Newport midfielder Jose Gonzalez was first-team all-state in 2017. (NW Sports Photography)
Newport midfielder Jose Gonzalez was first-team all-state in 2017. (NW Sports Photography)

Newport boys soccer has come a long way from being a co-ed program in 2010 to back-to-back Class 4A championships in 2016 and 2017.

The school didn’t have a soccer team until 1999, and the Cubs didn’t even win a playoff game until their consecutive runs to the title. In a short time, soccer has become a big part of Newport’s fabric, supported by a youth program that boasts 450 players from U-6 to U-14.

“The culture here has definitely changed,” coach Ollie Richardson said. “I just see the interest level growing. There are less kids playing football, and even baseball and softball, so they can play soccer.”

The Cubs have been riding high on their recent success, but now they will find out if they have what it takes to reload and remain among the state’s elite. After graduating all but four starters, the depth of the program faces the ultimate test.

“I’ve got some really good pieces down the middle of the field,” Richardson said. “It’s all about getting those other chess pieces on the board that can perform the way we need them to.”

Newport will need to be at the top of its game to contend in the tough Oregon West Conference. The field not only includes Stayton – runner-up in three of the last four seasons – but two-time reigning Class 5A champion Woodburn, which has dropped down one classification.

“When we get out of our league, we’re going to know who the best teams in the state are,” Richardson said.

Newport (1-1) plays host to Stayton (1-0) on Thursday in a rematch of last year’s state final. The Cubs are home to face Woodburn (1-0) on Sept. 18 in a rare conference battle between two-time reigning state champions.

“When will you ever have back-to-back state champions from different classifications, all of the sudden be in the same league playing each other?” Richardson said. “It won’t happen. If it was football, it wouldn’t happen.”

Woodburn has dropped to Class 4A because the school’s other sports teams have struggled and the athletic program met OSAA criteria to play down. The boys soccer team is an exception.

“I’m not going to whine and complain about it,” Richardson said. “We’re going to go out and compete and try to beat them. If they’re not in the finals, it’ll be a huge upset. If they lose a league game, it’ll be a huge upset.”

Newport is building around two Class 4A first-team picks in senior midfielder Jose Gonzalez and senior goalkeeper Luis Reyes, both four-year starters.

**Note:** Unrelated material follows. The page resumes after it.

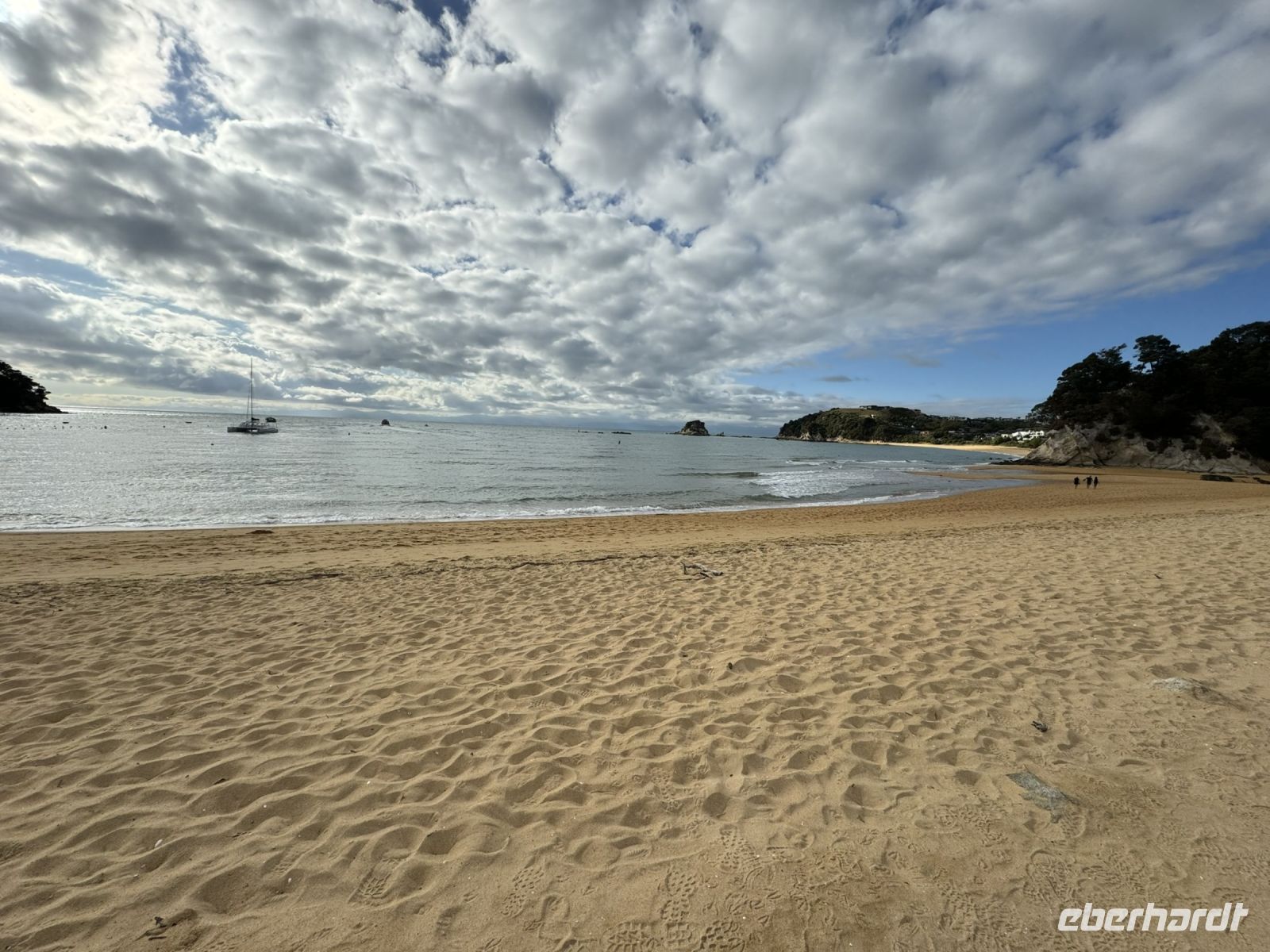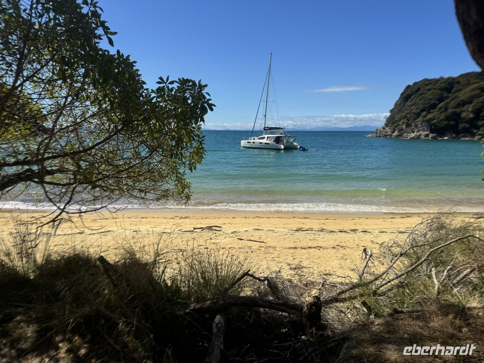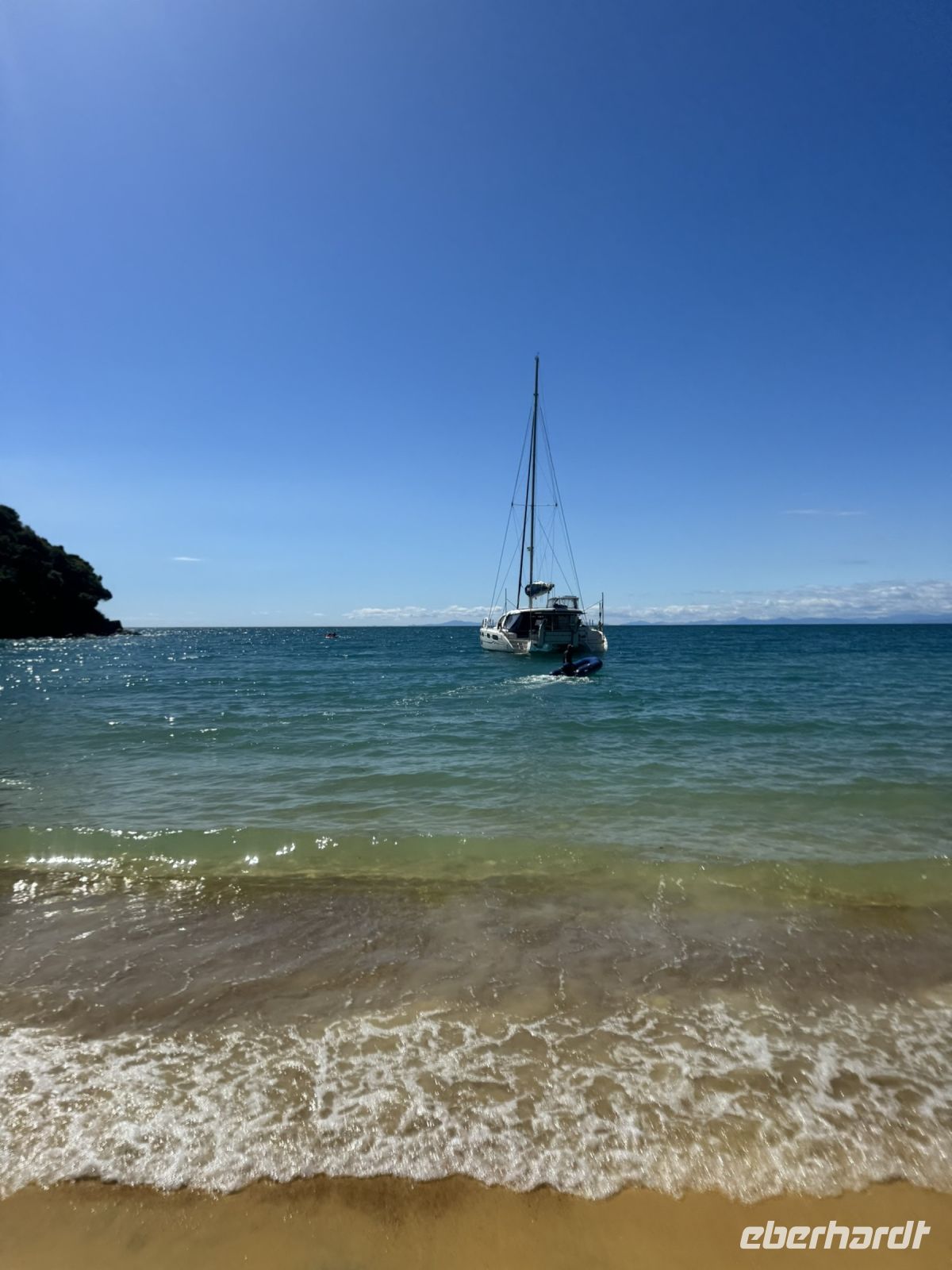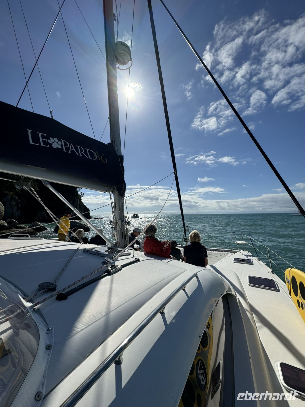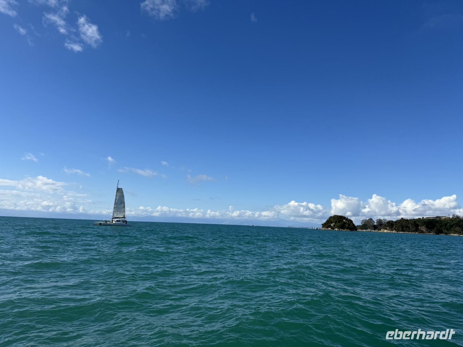 Am Anfang des Tages waren ein paar Wolken zu sehen, aber langsam kam die Sonne mit ihrer Kraft durch, um einen tollen Tag zu garantieren! Wir fuhren gemeinsam mit unserer lieben Sonja nach Kaiteriteri. Dort entdeckten wir einen wunderschönen Strand und eine Bucht und stiegen mit Hilfe eines kleinen Bootes in unseren exklusiv von Eberhardt gecharterten Katamaran ein. Während einer entspannten Fahrt im Abel Tasman Nationalpark konnten wir die Vögel hören und die Seebären beobachten. Anschließend machten wir eine kleine Wanderung. Dort sprangen wir ins Wasser für ein erfrischendes Bad, bevor wir unser Mittagessen genossen. Wir tankten Energie mit leckeren Portionen und genossen dieses kleine Paradies auf dem Rückweg.

Much of the Cubs’ attack hinges on Gonzalez.

“He has the highest soccer IQ of any player I’ve ever coached. He’s really cerebral,” Richardson said. “His first touch, his ability to distribute, his ability to score, his speed with or without the ball, he kind of does it all.

“It’s just a matter of getting him to trust all his teammates. Once he does that, if we get to that point, it’s going to be impossible for us not to have a successful season.”

The Cubs need to replace three forwards who combined to score 35 goals last season. They have two speedy candidates in junior Juan Lopez and sophomore Oscar Jimenez.

Outside of Reyes and Gonzalez, the team’s other experience comes from senior midfielder Tryston Wolf, junior midfielder Alex Aparicio and senior defender Jorge Barrios.